Population (June 2025)
- • Total: 8,830
- • Density: 3,500/km^{2} (9,080/sq mi)

= Lynfield, New Zealand =

Lynfield is a suburb of Auckland, New Zealand. It is under the local governance of Auckland Council. The suburb is located on the southwestern Auckland isthmus bordering the Manukau Harbour, much of which is densely forested with native forest. Lynfield was developed for suburban housing in the late 1950s and 1960s, modelled after American-style suburbs.

==Etymology==
Lynfield was the name of Albert William Irvine's farm. Irvine named the farm after Lindfield, New South Wales, which was the birthplace of his wife.
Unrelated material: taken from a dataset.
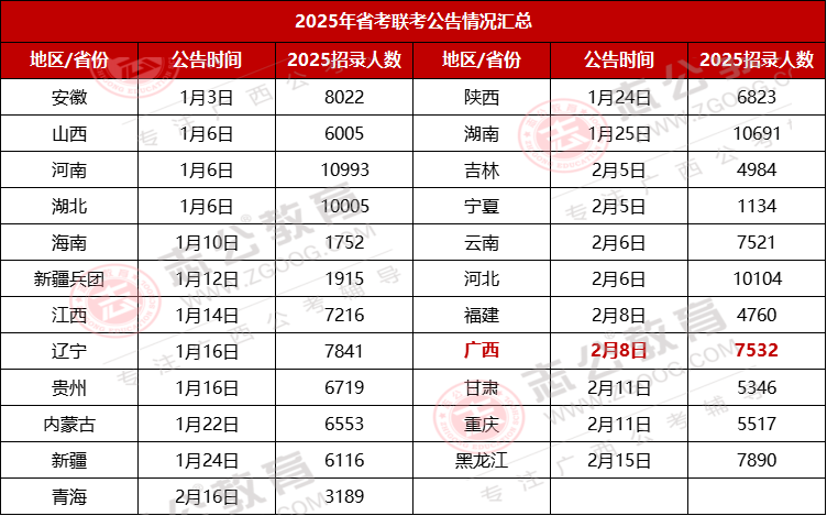 由廣西壯族自治區(qū)公務(wù)員局發(fā)布,核心查詢平臺為八桂先鋒網(wǎng)、廣西人事考試網(wǎng),也可在各市黨建網(wǎng)、人事考試相關(guān)平臺查看。2025年公告發(fā)布時間為2月8日。
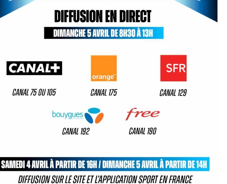 En complément, la chaîne du mouvement sportif français Sport en France diffusera en live les courses du dimanche 5 avril de 8h30 à 13h00.

Before Lynfield College opened in 1958, parents and teachers chose the name Lynfield, due to the Linfield poultry farm, owned by, adjacent to the school grounds. The college's name was adopted for the modern suburb, which developed south of the school.

==Geography==

Lynfield is a peninsula of the southern Auckland isthmus bounded by the Manukau Harbour. It is bordered by Lynfield Cove in the west and Wattle Bay in the east.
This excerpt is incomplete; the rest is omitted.